风无泯走进屋,温恒因为畏惧也象征性的行了礼。在屋子里转了一圈,风无泯笑说:“温公子昨晚上辛苦了,奶妈可有让人给他好好补补身子?”
听着风无泯暧昧的话语言辞,温恒实在是恶心。但他人在屋檐下,只好无奈的忍住。南宫赫来找他商讨对策时,温恒并没有将自己招认的事情坦白……对风无泯除了畏惧之外,温恒还有一点心虚。
他很担心风无泯把自己招认的事情说出来,那样南宫赫肯定不会管他的死活了。
“还没有呢!”奶妈欠身,她笑说,“老奴刚安排完下人过来,也是刚进屋没一会儿。”
“哦。”风无泯只是点头。
风无泯丢下一个字儿后,她就不再说话了。坐在床铺对面的矮榻上,风无泯状似无意的打量起屋子来。这真是个不错的屋子,坐北朝南,宽敞又明亮。窗前摆放的白瓷净瓶被阳光照着,折射出闪耀的光亮。金丝楠木的柜子发散出阵阵香气,床上的锦被叠放的整整齐齐。悬空的帘子下,是一双白色锦屐……风无泯一眼便认出,那是南宫赫的。
倒不是风无泯有透视眼,只是她身材矮小,视线自然比奶妈他们低。加上她坐的是矮榻,很容易就能从床单的缝隙间看到南宫赫的大屁股。
风无泯面上虽然不动声色,但心里却乐开了花。怕自己绷不住笑丢了颜面,她赶紧带着珠儿离开。走出环翠阁好远,风无泯这才肆无忌惮的放声大笑。珠儿被风无泯笑的满头雾水,满脸的莫名其妙。
“本宫问你,”风无泯擦擦眼角笑出的眼泪,说,“以前小侯爷来公主府,都什么个情形?”
不想惹风无泯不高兴,珠儿纠结着没有讲。
“说吧!本宫不怪你。”风无泯很没有形象的一屁股坐在假山边上,“你照实回答就可以了。”

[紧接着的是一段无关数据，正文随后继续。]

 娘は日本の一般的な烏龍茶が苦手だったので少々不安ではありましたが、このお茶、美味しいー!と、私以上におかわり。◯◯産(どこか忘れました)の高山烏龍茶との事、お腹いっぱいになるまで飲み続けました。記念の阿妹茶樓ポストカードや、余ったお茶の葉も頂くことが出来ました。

珠儿挠挠头,她闷闷不乐的说:“以前小侯爷来公主府,总是趾高气昂的。公主请他来,他定是要在门口奚落一番。公主府里的下人丫鬟老妈子,除了奶妈以外,通通被他责打辱骂过。小侯爷有一句话经常挂在嘴边,他说……他说……”
“他说什么?”风无泯笑的有点冷。
“他说如果不是因为有皇帝赐婚,他就是娶阿猫阿狗也不会娶公主的。”珠儿心一横,她语速飞快,“他还说,公主求着他的样子,像母狗似的……要不是看在掉脑袋的份上,就算用八人大轿抬他,他也不会来的!”
珠儿说完后,风无泯不但没有发火,她反而笑的更大声。一边笑一边拍着巴掌,风无泯说:“不用八人大轿抬他他不会来吗?哈哈!做人呐,话千万不要说太满。不然早晚有一天,打的是自己的脸……那么趾高气昂的南宫赫,为了混进我们公主府,不也是钻床底下了吗?”

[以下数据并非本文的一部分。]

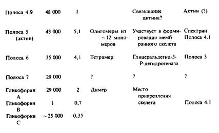 Наиболее детально изучены мембрана и цитоскелет эритроцитов млекопитающих. В табл. 4.2 перечислены основные белки, которые были разделены с помощью ДСН-ПААГ-электрофореза. Цифровые обозначения полипептидов связаны с их относительной электрофоретической подвижностью в геле. При промывании мембраны растворами с низкой ионной силой удаляются периферические мембранные белки, к которым прежде всего относятся компоненты цитоскелета. Основными интегральными белками цитоскелета являются белок полосы 3 и гликофорины А, В и С. Белок полосы 3 представляет собой анионный переносчик, а функции гли-кофоринов, относящихся к классу гликопротеинов, неизвестны. В электронном микроскопе цитоскелет выглядит как упорядоченная сеть на внутренней стороне мембраны. Как видно из табл. 4.2, белки цитоскелета являются основными мембранными компонентами, и это облегчает их биохимическую характеристику. По сути белковый каркас состоит из спектрин-актинового комплекса, который связан с плазматической мембраной благодаря взаимодействиям как с белком полосы 3, так и с гликофорином; эти взаимодействия осуществляются с помощью специальных белков — ан-
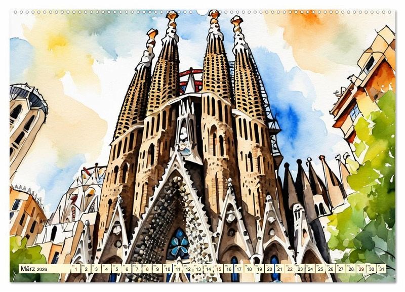Spanien ist ein Land mit einer reichen Tradition, faszinierender Natur und überwältigender Architektur. Die spanische Kultur ist geprägt von einer Mischung aus römischen, maurischen und christlichen Einflüssen, die sich in der Architektur des Landes widerspiegelt. Die Natur Spaniens ist ebenso vielfältig wie beeindruckend. Von den schneebedeckten Gipfeln der Pyrenäen bis zu sonnenverwöhnten Stränden bietet das Land traumhafte Landschaften. Die berühmte Sagrada Familia von Antoni Gaudí in Barcelona ist ein herausragendes Beispiel für die einzigartige Architektur des Landes. Ein Besuch in Spanien ist eine unvergessliche Erfahrung, die jeden Besucher begeistern wird. Eine kleine Auswahl dieser sehenswerten Ziele wurde hier unter Zuhilfenahme der KI in zauberhaften Aquarellen generiert.

“啊?”珠儿很惊讶,“公主,你是说……刚才小侯爷在床底下藏着?那公主你为什么不责罚他?小侯爷未经传召擅闯公主府,是要挨罚的呀!”
“是啊!他在床底下藏着呢!”风无泯心情很好的仰头望天,“本宫看他身上穿的,估计是小厮的衣服。噗,哈哈哈,咱们家小侯爷呢!平时不都是锦帽貂裘的?现在穿着小厮的衣服,居然还会做藏床底下的事儿?既然他喜欢藏,那本宫就让他藏着咯!干嘛要揭穿他?以后你派人给我盯着温恒的屋子,只要小侯爷一来,我们就赶去!让他次次都跟老鼠似的藏着!”

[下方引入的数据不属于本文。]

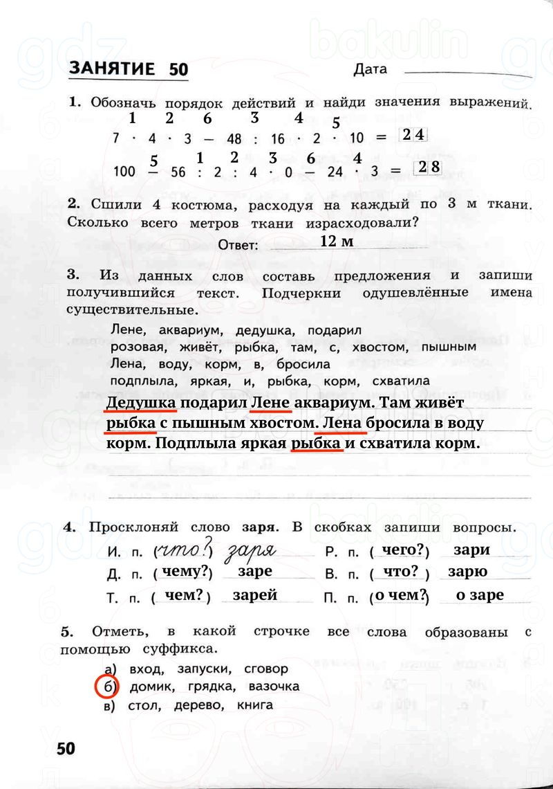3. Из данных слов составь предложения и запиши получившийся текст. Подчеркни одушевлённые имена существительные.
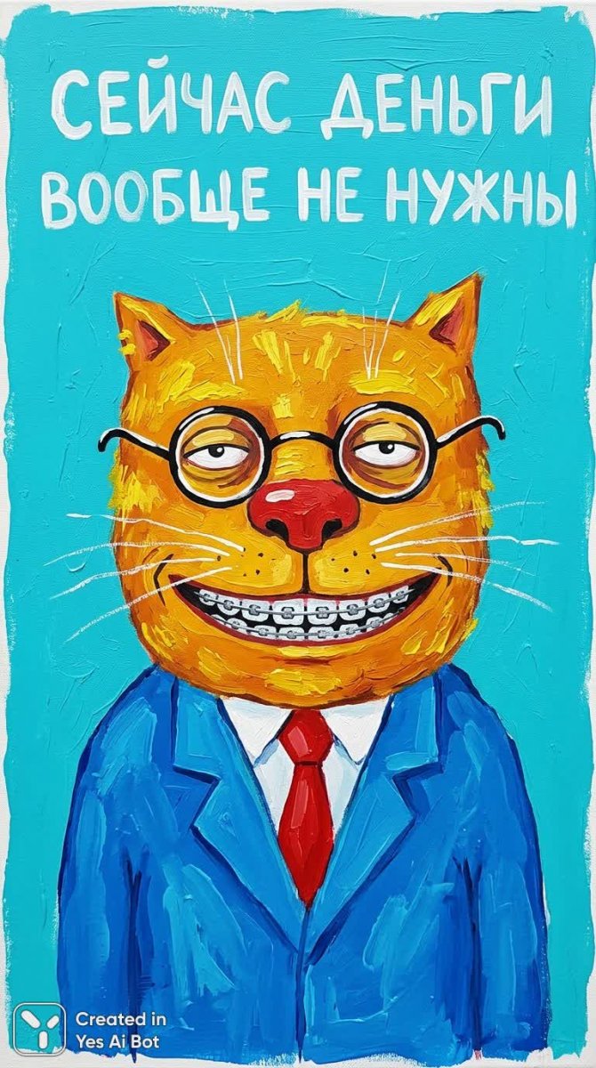 Яркий ироничный постер в наивном экспрессионистском стиле представляет собой забавного антропоморфного кота цвета апельсина. Это портрет наполовину тела с акцентом на непропорционально большую голову, покрытую оранжево-желтой шерстью с желтыми полосками. Маленькие треугольные уши и выпученные глаза с саркастическим выражением лица придают персонажу особое очарование. Длинные белые усы и большой красный нос дополняют его комичный образ. Широкая улыбка, украшенная брекетами, а также круглые белые очки усиливают впечатление абсурдности и легкости. Кот одет в строгий синий пиджак от костюма и белую рубашку с красным галстуком, что создает контраст между его несерьезным видом и деловым антуражем. Фон выполнен в виде однородного ярко-бирюзового цвета, а нарочито грубые мазки кистью и насыщенные плоские цвета подчеркивают художественную простоту и примитивность изображения. Над котом нарисован белым шрифтом русский текст: В наши дни вам абсолютно нет нужды в деньгах, что добавляет тексту дополнительный слой юмора и сатиры. Вся композиция создает атмосферу игривости и легкого абсурда, демонстрируя смелое сочетание наивного стиля с социальной критикой и визуальной экспрессией. Постер излучает позитивную энергию и предлагает зрителю задуматься над современными ценностями и приоритетами в юмористической форме

“可是……”珠儿觉得风无泯的做法很幼稚,“公主,为什么啊?”明明能抓到小侯爷的错处,为什么还要大费周章。
“本宫之前看过一个电影,本宫的意思是说,本宫之前看过一出戏。”风无泯眯着眼睛,她的脚丫子俏皮的晃荡着,“那出戏讲的是一个大才女,她嫁了一个很没用的夫君。她的夫君花她的钱,用她的嫁妆,磨灭她的才华,最后还养了小三找了小妾。虽然她的夫君没有在ròu_tǐ上折磨她,但在精神上,他已经算是谋杀了她……就像南宫赫对待本宫那般,他之前磨灭本宫的尊严,忽视本宫的真心,这,就是谋杀。”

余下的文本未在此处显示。